━━ Records for this exercise

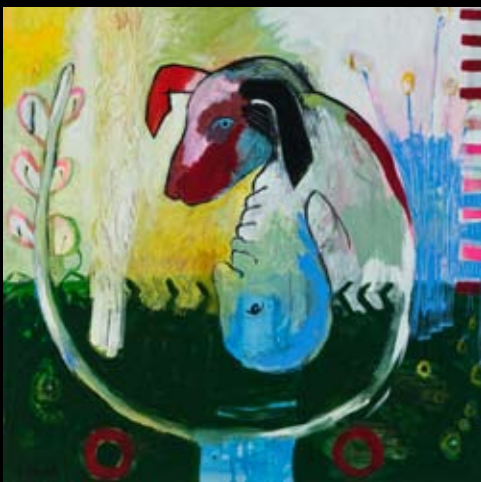
"Den ydre svinehund" 100 x 100 cm
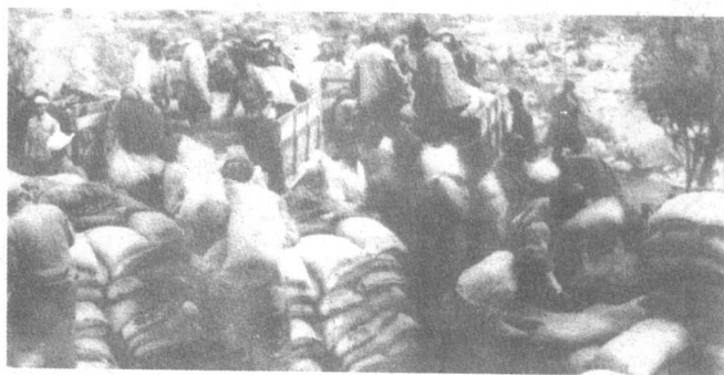
1952年秋，祖国运来了大米，女兵们也去搬运。
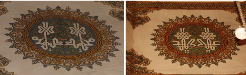
Şekil 6: Huzûr-ı Pir Kubbe Kasnağı Müdevver Şemse Formu Kalemîşi Tezyinâtı ve Müsennâ İstifli Kûfî Yazı

Şemsenin dış kısmını 15. yüzyılın tezyinât üslubuna benzetilmeye çalışılmış dendanlı bir bordür çevrelemiştir. Sekiz köşeli kubbe kasnağının üç tarafında doğu, batı ve güney yönlerinde pencere bulunduğu için tasarım kubbe kasnağının diğer beş cephesinde kullanılmıştır. Bununla birlikte şemse formlarının iç kısımlarındaki kûfî hat ile istiflenmiş dört defa “Yâ Muhammed” bir defa “Yâ Ali” yazıları okunmaktadır. “Yâ Muhammed” istifleri ara yönlerde, “Yâ Ali” istifi ise kuzey yönde, giriş kapısının üst kısmına tekabül etmektedir. Yazılarda da geçme motifleri kullanılmış, örgülü kûfî tarzında istiflenmiştir (Şekil 6).
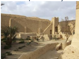
Monastère Saint Paul
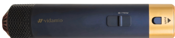
2. SalonQ 5 styler
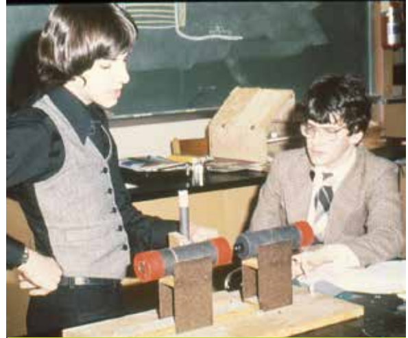
Un projet à l'Expo-sciences dans les années 70.

N'hésitez pas non plus à nous écrire pour partager avec nous vos bons coups ou toutes les nouvelles qui peuvent intéresser la communauté (nouvelle entreprise, partenariats d'affaires, naissances, mariages, etc.). Il nous fera plaisir de les partager sur Facebook , Twitter et dans le bulletin !
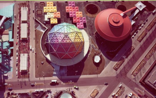
1. みどり館俯瞰,1970年

1970年の大阪万博を紹介する本展では、高島屋がみどり会として共同出展したパビリオン「みどり館」に焦点をあてます。エントランスホールでは吉原治良監修による具体美術展が開催。館内には、全天周映画の鑑賞体験ができる「アストロラマ」(アストロ「天体」とドラマ「劇」を合わせた造語)がありました。放映された映画は、当時珍しかった海外取材や水中撮影なども豊富に取り入れられ、脚本を谷川俊太郎、音楽を黛敏郎、そこに舞踏家土方巽が登場するという、非常に前衛的なものでした。このたびは、パビリオン「みどり館」のメイキング映像とともに、放映された映画「誕生」の一部再現映像を展示します。
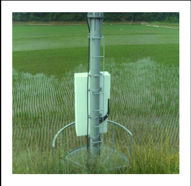
공사설명 13. 방류예경보 제3국
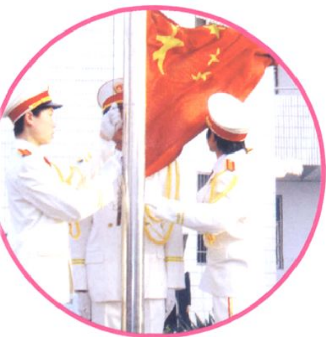
■ 隆重而庄严的升国旗仪式
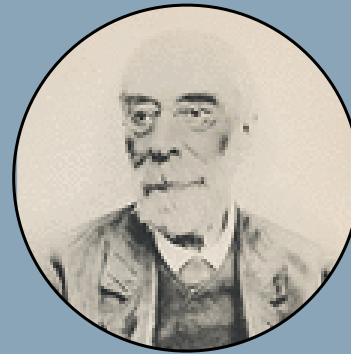
Charles Renouvier (1815-1903) est un philosophe.
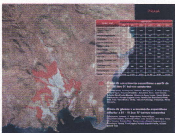
Praia: informelle Siedlungsgebiete vor 1991 (weiß) und 1991 bis 2000 (rot).

Die kapverdianische Regierung hat 2008 das engagierte Programm "Casa para Todos" (Wohnen für Alle) initiiert, das helfen soll, das Wohnungsproblem zu lindern. Es folgt dem Prinzip des Sozialen Wohnbaus nach europäischem Muster und ist für Menschen mit regelmäßigem Einkommen ausgelegt. Das Programm wird über Kredite (4) aus Portugal und Brasilien finanziert.
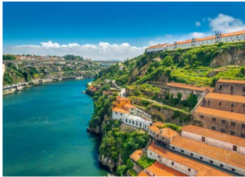
Hügel von Vila Nova de Gaia

Der Vormittag steht Ihnen zur freien Verfügung. Porto hat noch vieles zu entdecken. So zum Beispiel die alte Buchhandlung Lello, die als eine der schönsten Europas gilt. Von außen fasziniert die neogotische Fassade, innen das geschwungene Treppenhaus und natürlich das enorme Büchersortiment. Für eine entspannte Pause empfiehlt sich das legendäre Café Majestic in der Einkaufsstraße Rua de Santa Catarina. Im Stil der französischen Belle Époque, mit Kronleuchtern und dem Jugendstil-Spiegelsaal eingerichtet, fasziniert die Kaffeehauskultur jeden Besucher.
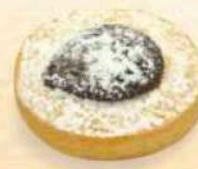
Occhiolino cioccolato / marmellata
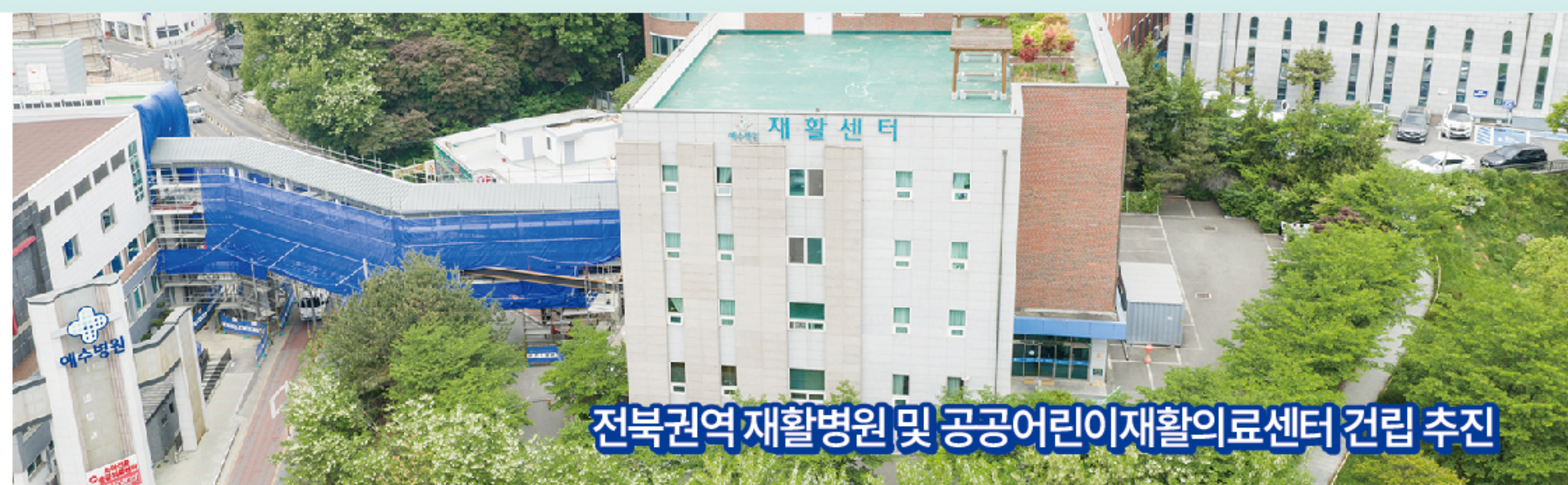
전북권역 재활병원 및 공공어린이재활의료센터 건립 추진
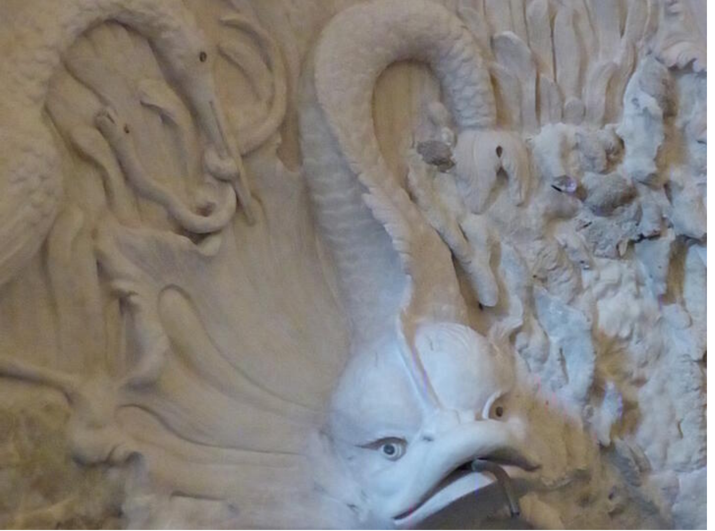
Visite guidée Saint-Antoine au fil du temps - Le temps des bâtisseurs : splendeurs du gothique
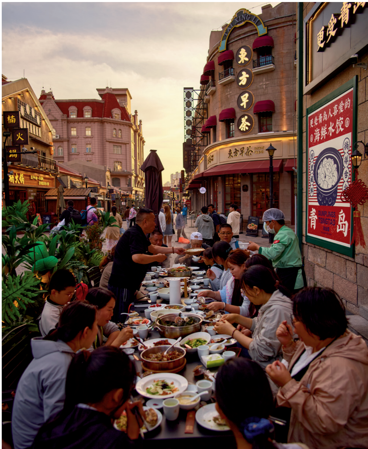
可口中餐带来极致享受，德式浪漫也是。路两侧的复古招牌复刻了昔日里院沿街繁华商业氛围和动人的烟火气
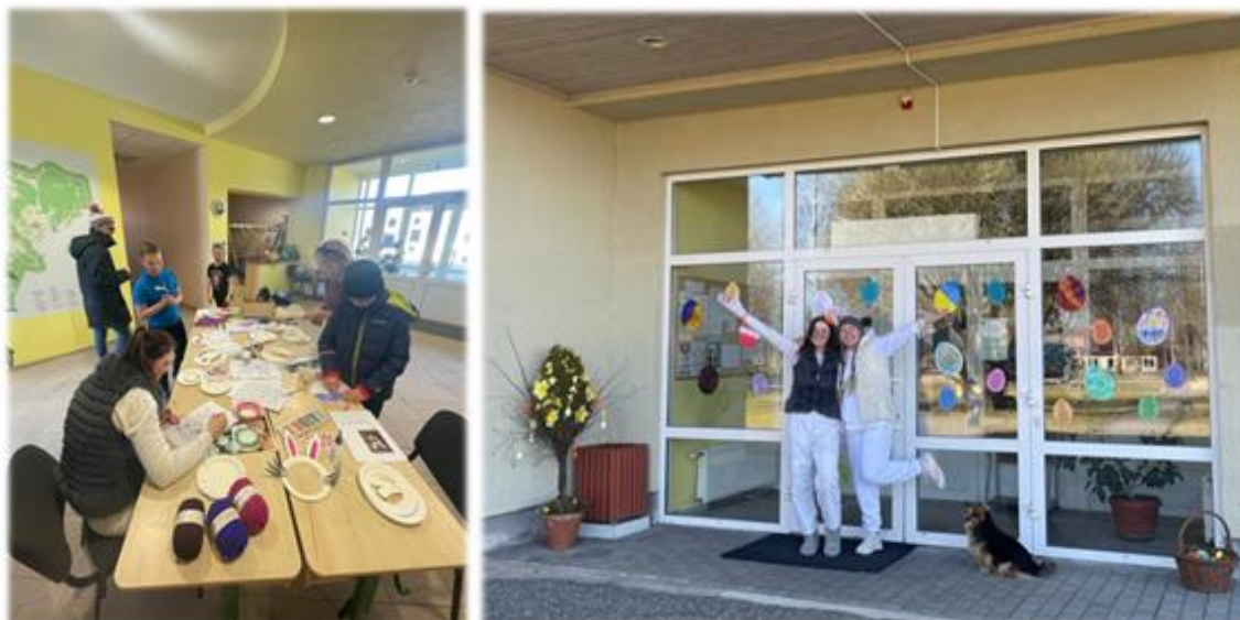
Nodarbības un aktivitātes Ilzenes bibliotēkā.

Ilzenes bibliotēkā bērni un jaunieši tiek rosināti līdzdarboties pasākumu organizēšanā, tā apgūstot jaunas prasmes. Bērni un jaunieši iesaistījās Ilzenes pagastā organizētajos pasākumos - Lieldienu tradīciju aktivitātēs pirmskolas un jaunāko klašu bērni tika uzrunāti, lai iesaistītos dekoru veidošanā, kurus izvietoja izstādes veidā uz logiem un durvīm, pievienojot klāt ticējumus par Lieldienām. Apgūtas svētku tradīcijas – ticējumi, olu krāsošana, meklēšana, ripināšana.
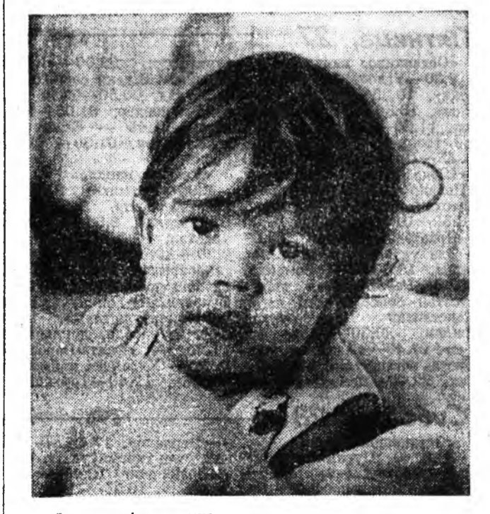
Бэрин гэгээн гэжэ...

Аралтай Ярууны хойто бэдэ — Алларга үндэр Баян-Хаан Алагхан зүрхэндэ маргадгагүй Айрхан гансахан нүхэри, Байгаахан Ярууны хойто эрьдэ Багарга шулуутай хабсагай бин. Багдайран ямада һанадагдэг. Багаһан хаан басагдгай бин. Далантай Ярууны хойто бэдэ Дабан үндэр Баян-Хаан. Дашуурма наһанай залуу үеин Кангина басаган гансахан лэ. Тохойтой Ярууны араханда Түргэһэн уһатай Тулуун бэлэй, Тавилсан олон нүхэдүүд соо Тангилхан сэрбэ басагай бэлэй, Ургыгаар бурхэн Ярууны эрьдэ Улаанхан үгэтэй хабсагай бин. Ухаан бодолһон һаладаггүй Уэльэн гансахан басаган бэлэй. Ялартай ябад хүрэлдэ Ярууны нуурууд хайхан бэлэй. Ямарханшье сагай нооо наа, Ярууны юртэмсэ мүнхэхэн лэ! М. ДАНИЛОВА.
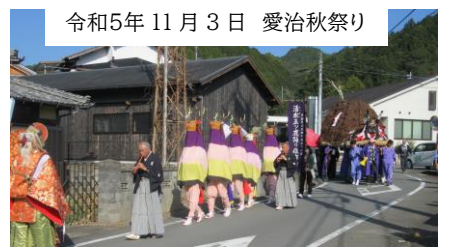
令和5年11月3日 愛治秋祭り
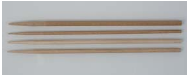
54 590 03 Pinselstiel / Brush handle, 3 mm
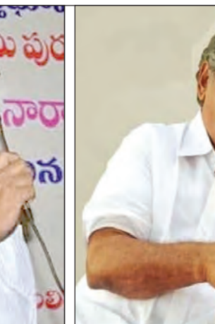
అనంతపురం, మే 19 ప్రభాతవార్త
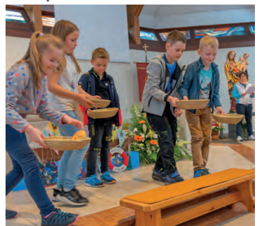
Generalprobe in Inzersdorf
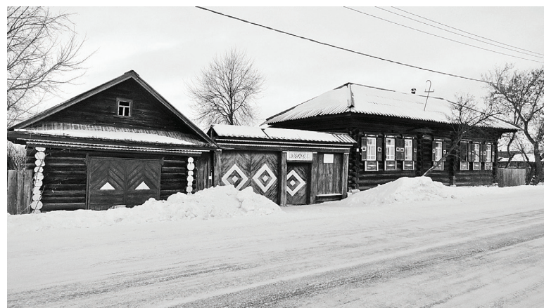
«Сибирское подворье». Усадьба сохранилась до наших дней практически в первозданном виде, что говорит об основательности его строительства. Дом напоминает собой крепость: высокая бревенчатая изба с подклетью и четырёхскатной крышей, амбар, навес для дров, баня, огромные массивные ворота...

лян конца XIX – начала XX веков. И нашли. Дом Косыгиных. Сегодня крестьянская усадьба представляет историко-культурное наследие нижнетавдинцев. «Сибирское подворье» – живой музей. Здесь встречают гостей хлебом-солью, проводят экскурсии по избе и горнице, показывая их убранство и давно забытые предметы домашнего обихода. А потом ещё и угощают рассыпчатой картошкой из чугуна, домашним салом, блинами! А какие песни исполняет в это время фольклорный ансамбль «Златница»!
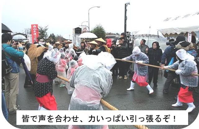
皆で声を合わせ、力いっぱい引っ張るぞ！

11月23日（祝）イオックスアローザスキー場にて「第28回雪恋まつり2018」が開催されました。医王神社にて才川七獅子舞保存会による獅子舞奉納の後、伝統行事「雪曳き」が行われました。西山木遣り保存会による音頭やおおぞら保育園児の「よーいしょ！」という掛け声で杉の大木が動く大勢の観客から声援が上がりました。会場では各地区からの特産物や業者の出店、保育園児などによるステージ発表、ゴンドラ運行などが行われました。あいにくの天候で肌寒い日となりましたが、人出があり賑わっていた様子でした。
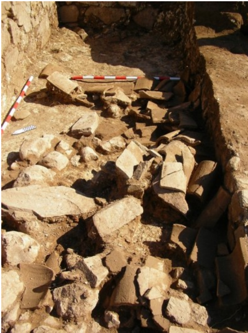
Derribo de tejas de Can Tacó.
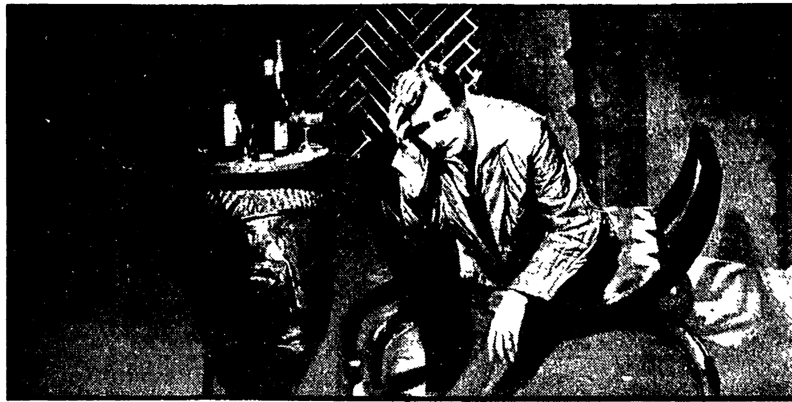
Una scena del «Dottor Mabuse» di Lang
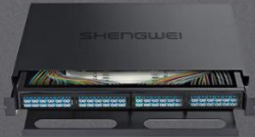
LC 单模96芯 (MDF-201S-96L)
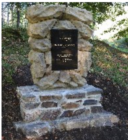
Pomník u sanatoria Edel
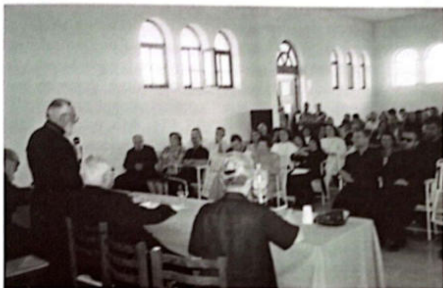
S. COSMO ALBANESE, 27 agosto 1999 - Il vescovo diocesano ringrazia l'arcivescovo di Cosenza-Bisignano, mons. G. Agostino, dopo la relazione tenuta ai partecipanti al Corso di aggiornamento teologico.

S. COSMO ALBANESE - CASA DEL PELLEGRINO 26-27-28 AGOSTO 1999
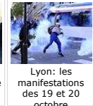
Lyon: les manifestations des 19 et 20 octobre
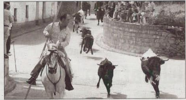
Los grupos de jóvenes también disfrutaron con las vaquillas / MONDRIÁN

━━━━

**The task:**
In the data above, take the line with "전북권역 재활병원 및 공공어린이재활의료센터 건립 추진", the line with "皆で声を合わせ、力いっぱい引っ張るぞ！", and every line between, and set them down exactly without pictures.

**Exercise solution:**
전북권역 재활병원 및 공공어린이재활의료센터 건립 추진
Visite guidée Saint-Antoine au fil du temps - Le temps des bâtisseurs : splendeurs du gothique
可口中餐带来极致享受，德式浪漫也是。路两侧的复古招牌复刻了昔日里院沿街繁华商业氛围和动人的烟火气
Nodarbības un aktivitātes Ilzenes bibliotēkā.

Ilzenes bibliotēkā bērni un jaunieši tiek rosināti līdzdarboties pasākumu organizēšanā, tā apgūstot jaunas prasmes. Bērni un jaunieši iesaistījās Ilzenes pagastā organizētajos pasākumos - Lieldienu tradīciju aktivitātēs pirmskolas un jaunāko klašu bērni tika uzrunāti, lai iesaistītos dekoru veidošanā, kurus izvietoja izstādes veidā uz logiem un durvīm, pievienojot klāt ticējumus par Lieldienām. Apgūtas svētku tradīcijas – ticējumi, olu krāsošana, meklēšana, ripināšana.
Бэрин гэгээн гэжэ...

Аралтай Ярууны хойто бэдэ — Алларга үндэр Баян-Хаан Алагхан зүрхэндэ маргадгагүй Айрхан гансахан нүхэри, Байгаахан Ярууны хойто эрьдэ Багарга шулуутай хабсагай бин. Багдайран ямада һанадагдэг. Багаһан хаан басагдгай бин. Далантай Ярууны хойто бэдэ Дабан үндэр Баян-Хаан. Дашуурма наһанай залуу үеин Кангина басаган гансахан лэ. Тохойтой Ярууны араханда Түргэһэн уһатай Тулуун бэлэй, Тавилсан олон нүхэдүүд соо Тангилхан сэрбэ басагай бэлэй, Ургыгаар бурхэн Ярууны эрьдэ Улаанхан үгэтэй хабсагай бин. Ухаан бодолһон һаладаггүй Уэльэн гансахан басаган бэлэй. Ялартай ябад хүрэлдэ Ярууны нуурууд хайхан бэлэй. Ямарханшье сагай нооо наа, Ярууны юртэмсэ мүнхэхэн лэ! М. ДАНИЛОВА.
令和5年11月3日 愛治秋祭り
54 590 03 Pinselstiel / Brush handle, 3 mm
అనంతపురం, మే 19 ప్రభాతవార్త
Generalprobe in Inzersdorf
«Сибирское подворье». Усадьба сохранилась до наших дней практически в первозданном виде, что говорит об основательности его строительства. Дом напоминает собой крепость: высокая бревенчатая изба с подклетью и четырёхскатной крышей, амбар, навес для дров, баня, огромные массивные ворота...

лян конца XIX – начала XX веков. И нашли. Дом Косыгиных. Сегодня крестьянская усадьба представляет историко-культурное наследие нижнетавдинцев. «Сибирское подворье» – живой музей. Здесь встречают гостей хлебом-солью, проводят экскурсии по избе и горнице, показывая их убранство и давно забытые предметы домашнего обихода. А потом ещё и угощают рассыпчатой картошкой из чугуна, домашним салом, блинами! А какие песни исполняет в это время фольклорный ансамбль «Златница»!
皆で声を合わせ、力いっぱい引っ張るぞ！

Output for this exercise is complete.